Bangladesh at fifty has been moving confidently on the highway of development despite many highs and lows. The second wave of pandemic has certainly created a huge uncertainty in our society and economy. We braved the first wave quite well. Observers, both individual and institutional, were full of praises for Bangladesh’s amazing developmental journey during the past half a century defying all odds.
The World Bank raised our growth forecast for this year from 2 to 3.6 percent. Recently, UNESCAP also joined the fray. Based on a survey, the UN Regional body said that while the growth in the Asia-Pacific region could be 5.9 percent, it would be 7.2 per cent for Bangladesh in the current fiscal year. The results of this survey are close to what we expected (7.7 percent) in the Eighth Five-Year Plan. Since World Bank is known for its conservative forecasts, for them to improve their forecast is undoubtedly good news for us. However, this was done before the second wave of infections.The impact of the second wave of the Corona infection on our economy is bound to be significant. Bangladesh has started implementing a strong lockdown with huge implications for the small and medium entrepreneurs who provide the most employment opportunities to our low-income people. Wisely, the manufacturing units have been kept open. The hospitals are struggling to cope with this second wave and death figures are rising in major cities. The only credible response to this crisis is speedy vaccination. Given our population size and supply-side constraints, the desired vaccination drive may take time to overpower the surge of the virus. So, the uncertainty remains.
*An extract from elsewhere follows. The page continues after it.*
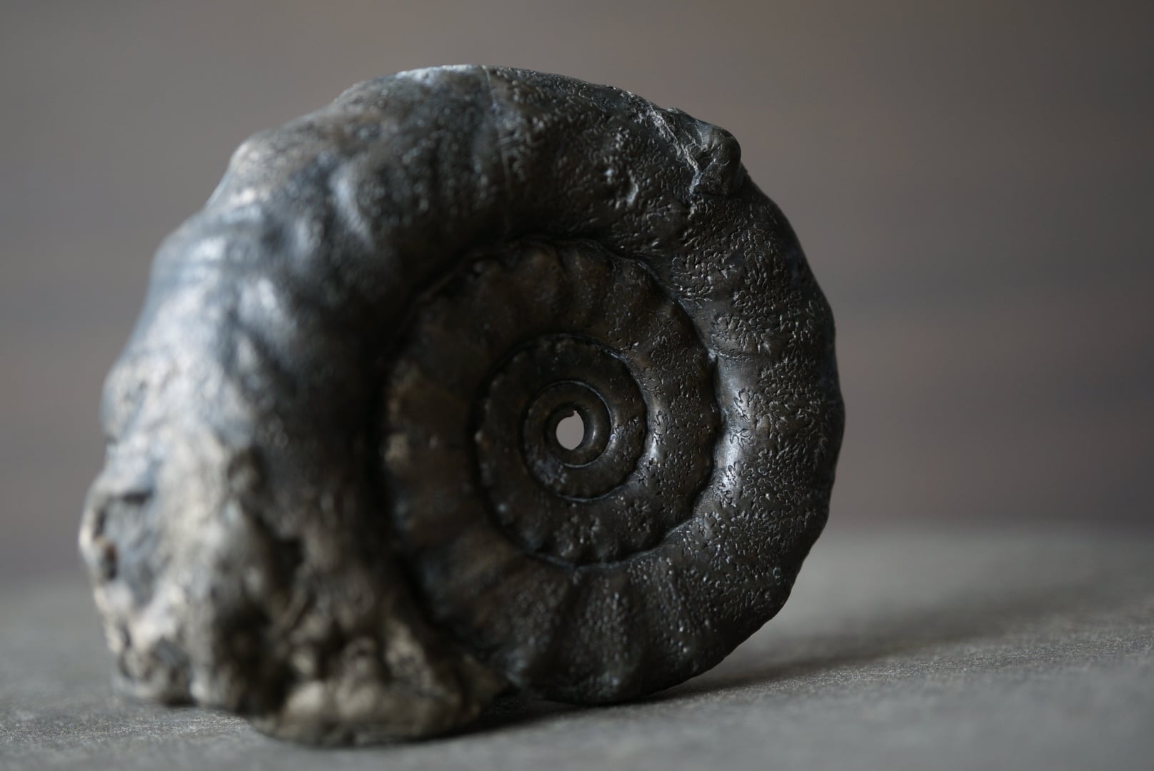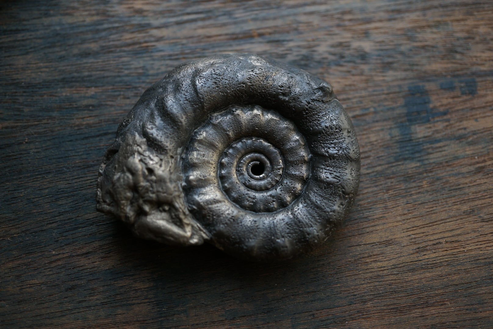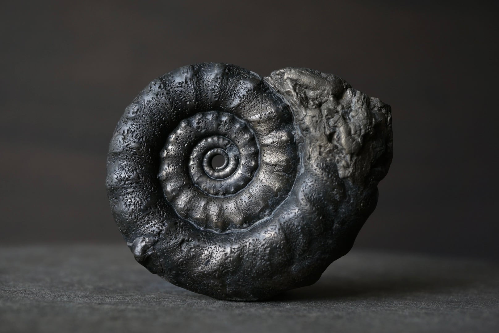 ジュラ紀(約2億130万年前から約1億4550万年前)の海に生息していたアンモナイトの遺骸が、バクテリアによる分解と鉄イオン/硫化物の反応により、黄鉄鉱によって置換され、金属光沢をもつ硬質な物質へと変化したものです。
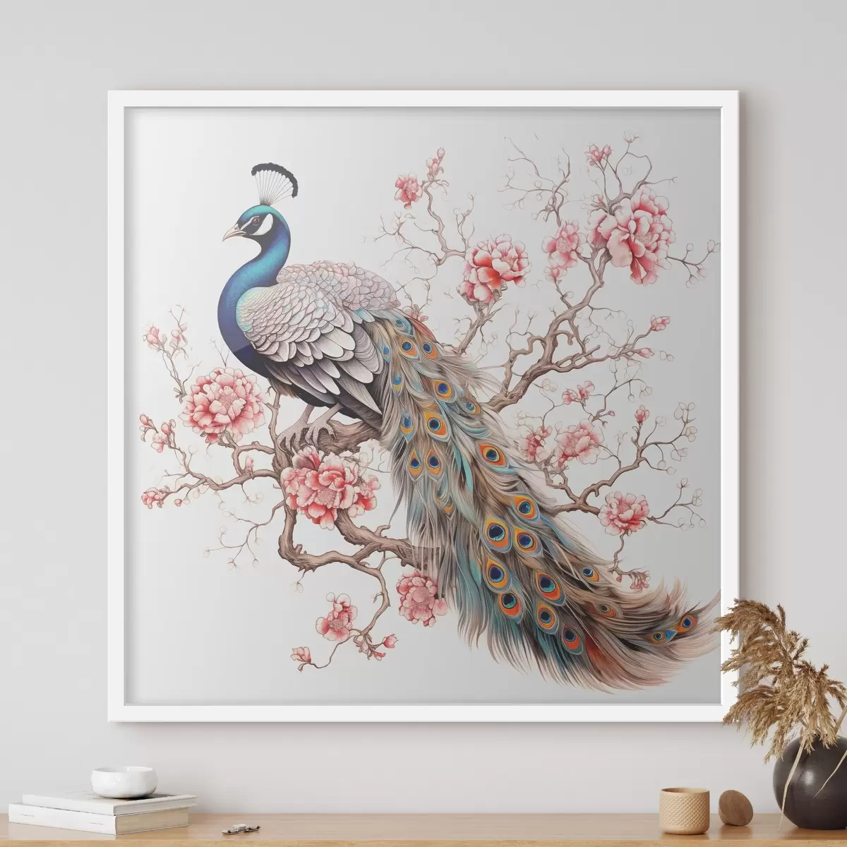 Poster Een pauw zit op een waterverf sakura tak N° f39568

Another round of strong lockdown, hopefully, will give a strong message to those who have been extremely careless in taking health measures. It is true that low-income people, especially in the informal sector, will suffer because of the lockdown. With that in mind, the government could launch a hotline through which local administrations could deliver food aid to people in crisis.
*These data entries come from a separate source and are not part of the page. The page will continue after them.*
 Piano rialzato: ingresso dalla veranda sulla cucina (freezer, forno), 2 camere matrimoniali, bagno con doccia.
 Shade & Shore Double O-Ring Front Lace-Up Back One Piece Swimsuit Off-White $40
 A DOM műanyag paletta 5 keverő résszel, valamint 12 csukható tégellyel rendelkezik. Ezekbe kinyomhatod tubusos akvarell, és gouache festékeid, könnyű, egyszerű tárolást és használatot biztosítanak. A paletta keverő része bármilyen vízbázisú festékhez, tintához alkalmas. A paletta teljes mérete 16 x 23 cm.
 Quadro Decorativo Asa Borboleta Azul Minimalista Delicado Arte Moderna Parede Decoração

In areas where the number of such people is high, the Tk10 per kg of rice program needs to be expanded. Last time this program turned out to be highly effective. Some local administrations have already started moving in this direction and people have been buying daily necessities from trucks and designated shops selling low-cost items.
Even after being vaccinated, we must maintain extreme caution. Keeping the ICU crisis in mind, everyone except those who require hospitalization should act responsibly now. Please make room for the more serious patients. Also, more emphasis should be placed on strict adherence to hygiene rules. In this situation, the selfless contribution of our doctors and concerned health workers must be appreciated more. I urge those concerned to come forward more actively to ensure the medical professionals’ safety, housing, incentives, and speedy immunisation. I also call on health sector organisations in the private sector to play a stronger role in the interest of humanity. All of society must combat this disaster. The government alone cannot do much. Bangladesh has an inherent fighting spirit. May we not lose it in the face of this challenge.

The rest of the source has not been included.